There is 16 in the suction line for checking and calibrating the device the pump 11 attached a secondary line 17 through which the sucked by the pump Air can be diluted with additional nitrogen in measurable quantities. The z. B. removed from a bomb 18 nitrogen flows through a Reaelventil 19 and passes a flow meter 20.

This is calibrated in two ways that it is suitable for a certain flow rate the oxygen content directly on the flow meter 12 on the pressure side of the pump of the water to be tested indicates which is available. if at a certain Addition of nitrogen to the test air conveyed by the pump 11 in the magnetic Oxygen meter no difference in the partial pressure of oxygen in the exchanger sent in and escaping gas is determined.

Recommended for the practical use of the device described it is in the polyethylene hose used for the return line (line 7) to attach an insulated copper wire. which is heated electrically to create condensation to prevent water vapor in this hose line.

Fig. 2 shows a further embodiment of a measuring device according to of the invention, also in a purely schematic representation. The device consists from an injector 21, in the above at 22 that to be checked for its oxygen content A measured amount of water enters under pressure. Test air is sucked in at 23, the amount of which also by a flow meter, as it is z. B. in Fig. 1 several times shown are measured. Separates on the outlet side of the injector the entrained gas in the space 24 above the liquid 25 again, wherein the liquid is continuously drained through an overflow pipe 26. The secluded Gas from space 24, the oxygen partial pressure of which has occurred in the injector The exchange is usually different from that of the fresh air L, which is sucked in at 23 is, by a purely schematically drawn line 27 is also a purely schematically drawn magnetic oxygen meter 28 supplied. Also this one Oxygen meter is expediently designed as a differential device as in Fig. 1, too what purpose then besides the changed air supplied through the line 27 also through another line unchanged air to a second measuring point to be led. The difference in oxygen partial pressure determined at these two points is then as in the embodiment of FIG. 1 by means of a Wheatstone bridge circuit od. The like. For measuring and registering the oxygen content in the examined Water uses PATENT CLAIMS: 1. Method for monitoring oxygen levels of river and sewage. characterized in that the principle known per se, the oxygen content of the water in an exchanger with an auxiliary gas in one To bring equilibrium and from the measured changes in the composition of the Auxiliary gas to determine the oxygen content to be monitored, applied in the manner is that air is used as the auxiliary gas, which takes place at the exchange point Change in oxygen content is continuously measured.
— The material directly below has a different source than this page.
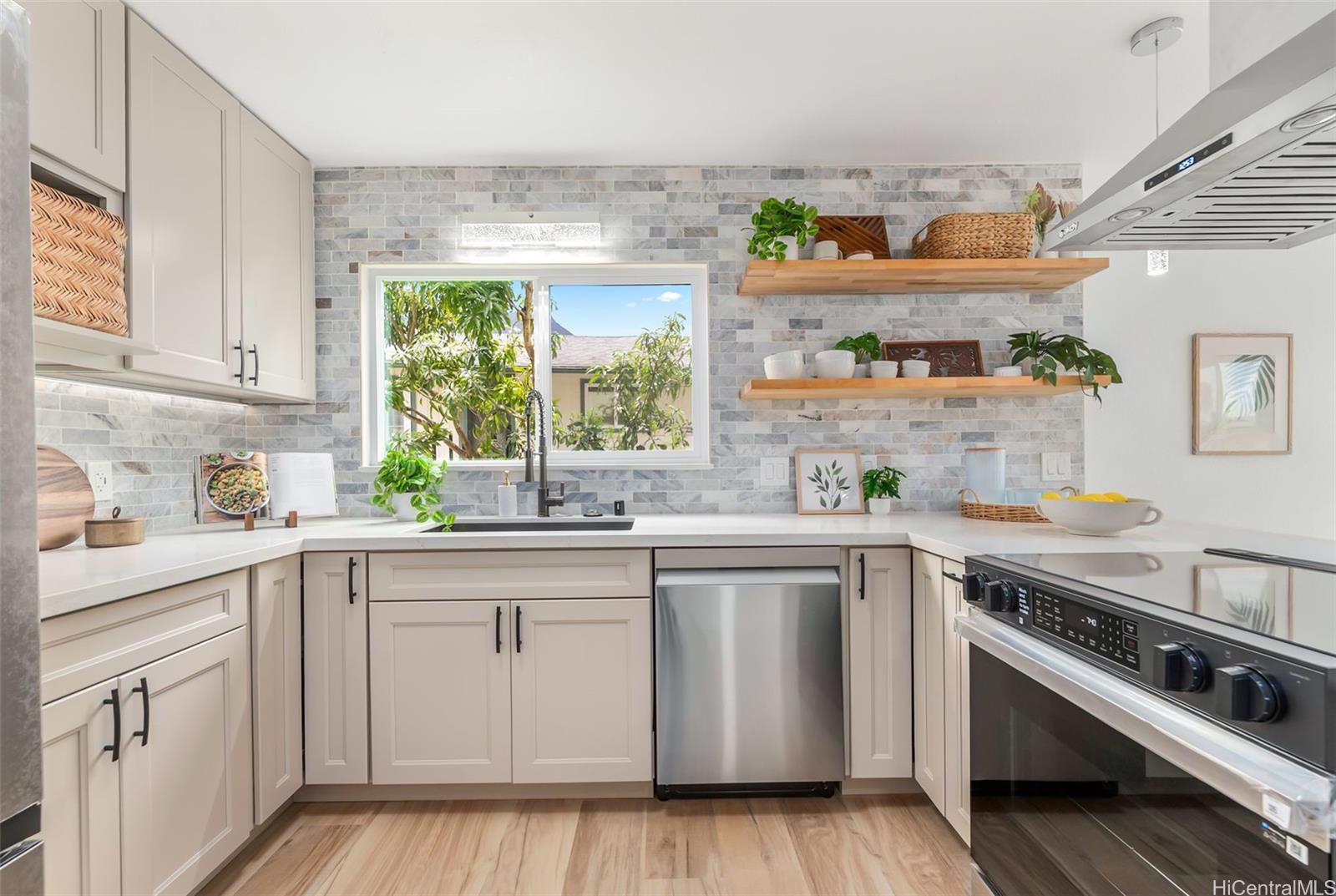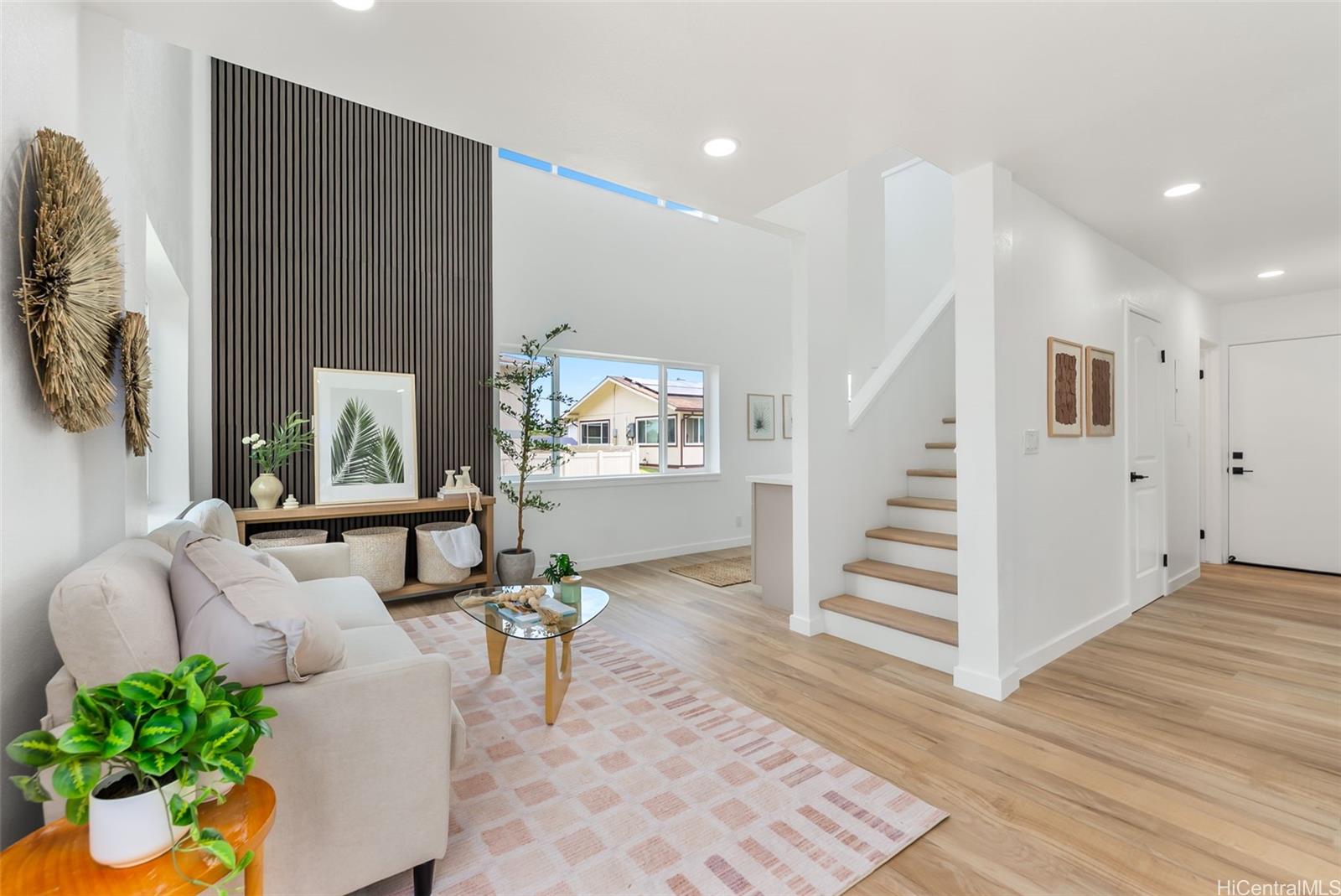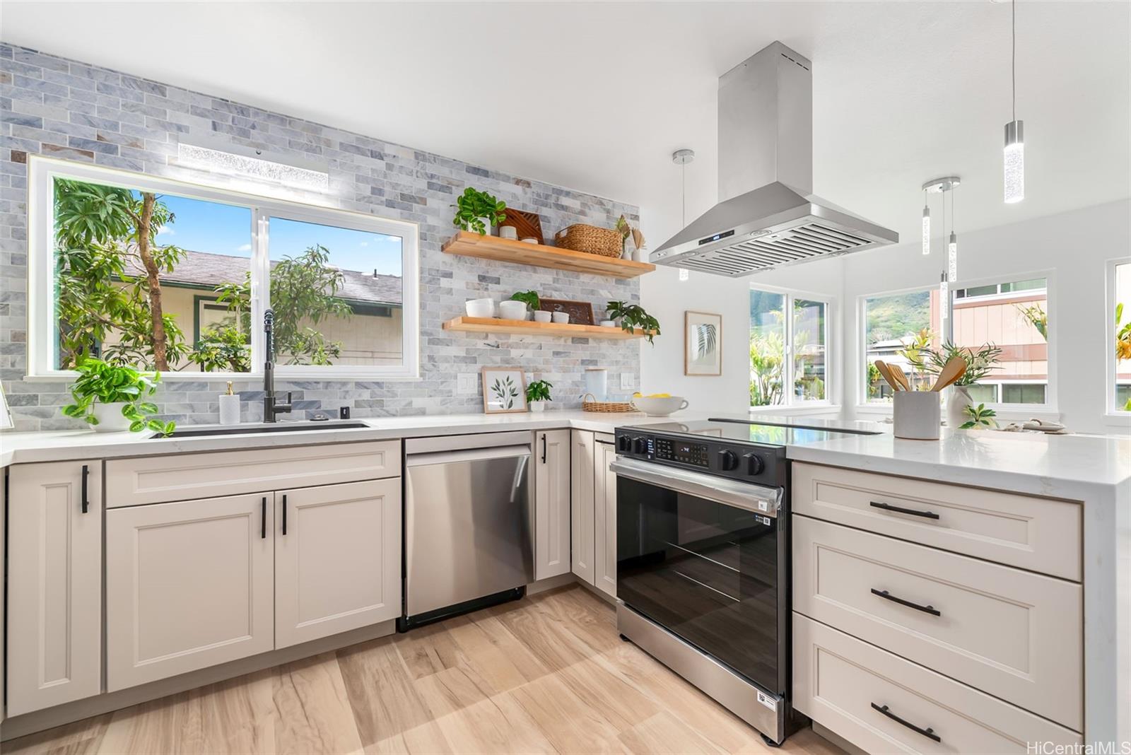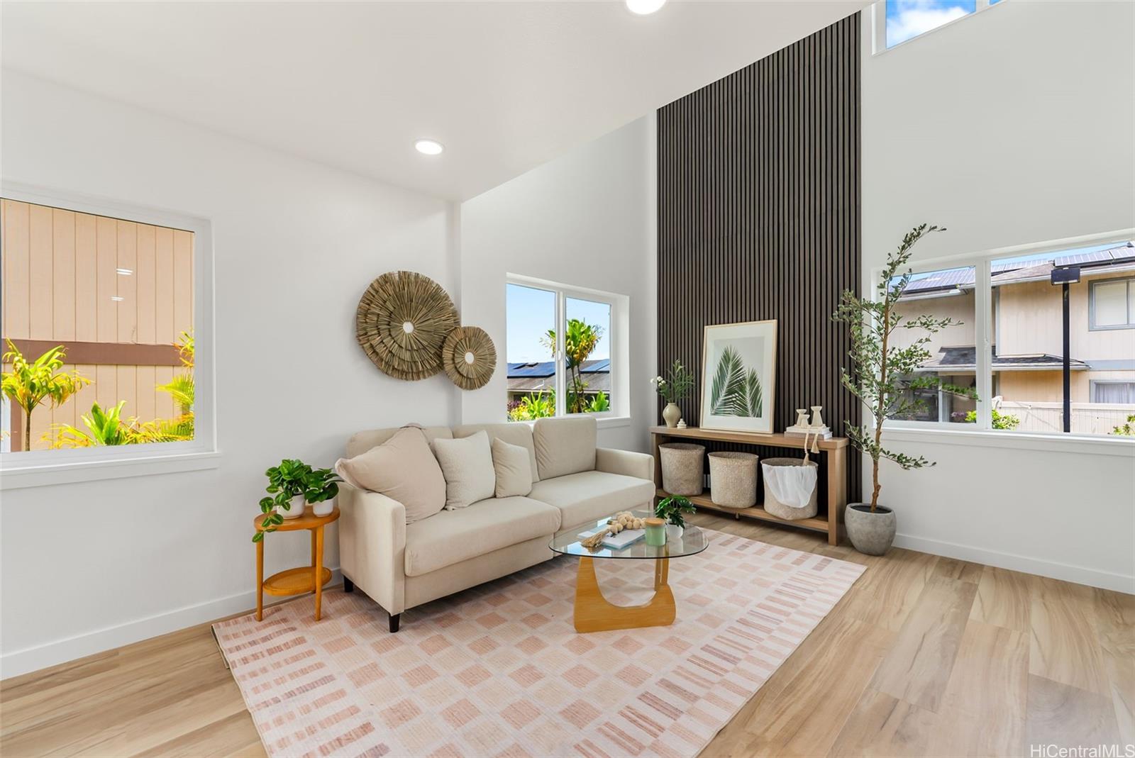 Sweeping views of the Koolau Mountain range create a stunning backdrop for this beautifully renovated 3-bedroom, 2½-bath home in the Keapuka neighborhood. Tucked within Kamooalii III Cluster, a gated community of just 22 homes built in 1990, this residence offers a rare sense of privacy, peace and elevated island living.Extensive upgrades include new vinyl plank flooring, a fully reimagined kitchen and bathrooms with elegant quartz countertops, new appliances, updated windows, ceiling fans, modern lighting and fresh paint throughout.Move-in ready and thoughtfully updated, this home invites you to relax and unwind in comfort while enjoying the tranquility and beauty of Kaneohe.
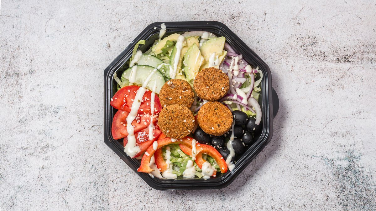 Falafel, avocado, oliven, paprika, sesam, salat, tomat, agurker, løg og dressing.

2. Device for measuring the oxygen content of river or sewage water according to the method of claim 1 with the aid of a magnetic differential oxygen meter, characterized in that the measuring device (8) with one at the test point, for. B. connected to a float, arranged gas bubble exchanger (1) by pipes is, one of which (4) for the forwarding of a guided through the knife part (9) measurable amount of air and its other (7) to return the through the other Knife part (10) guided measurable amount of air with changed oxygen content serves.

Claims (1)

Considered publications: German Patent Specifications No. 584 767, 604 893, 642 661.